Gloomy face syndrome
Overview
Gloomy face syndrome: A rare genetic disorder characterized primarily by dwarfism and a gloomy facial appearance.
Symptoms
The list of signs and symptoms mentioned in various sources for Gloomy face syndrome includes the 3 symptoms listed below: * Very short stature * Facial dysmorphism * Gloomy face
Diagnosis
Routine studies should include a CBC, sedimentation rate, urinalysis, chemistry panel, thyroid profile, VDRL test, quantitative stool fat, a sweat test, and x-rays of the skull and long bones.
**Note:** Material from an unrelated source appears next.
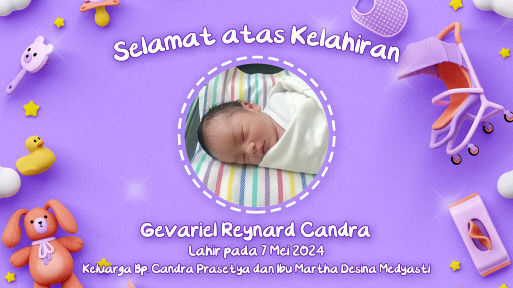 INFO KELAHIRAN | Mei 2024Roy05/31/2024 Informasi dan Pengumuman Selamat Atas Kelahiran:“Gevariel Reynard Candra”

If Turner's syndrome is suspected, a buccal smear for sex chromogen may be done. If pituitary dwarfism is suspected, a CT scan of the skull may be helpful. Additional endocrine tests include a serum growth hormone level before and after exercise, a resting somatomedin-C level, and an overnight dexamethasone suppression test. In patients suspected of having rickets and hypoparathyroidism, 24-hr urine calciums may be done. However, it is best to consult a pediatrician, endocrinologist, or orthopedic surgeon before proceeding with expensive diagnostic tests. 1. Is there disproportion of the trunk and extremities? These findings would suggest achondrodysplasia. 2. Is there obesity? The finding of obesity would suggest Fröhlich's syndrome, Laurence-Moon-Bardet-Biedl syndrome, and Brissaud's infantilism. 3. Is there appearance of wasting and/or malnutrition? The presence of wasting or other signs of malnutrition suggests chronic nephritis, congenital heart disease, progeria, malnutrition, and rickets. 4. Is there an unusual appearance to the skull or face? These findings suggest mongolism, cretinism, microcephaly, hydrocephalus, and cleidocranial dysostosis, among other conditions. 5. Are there abnormal secondary sex characteristics? The development of secondary sex characteristics is impaired in Turner's syndrome and pituitary dwarfism.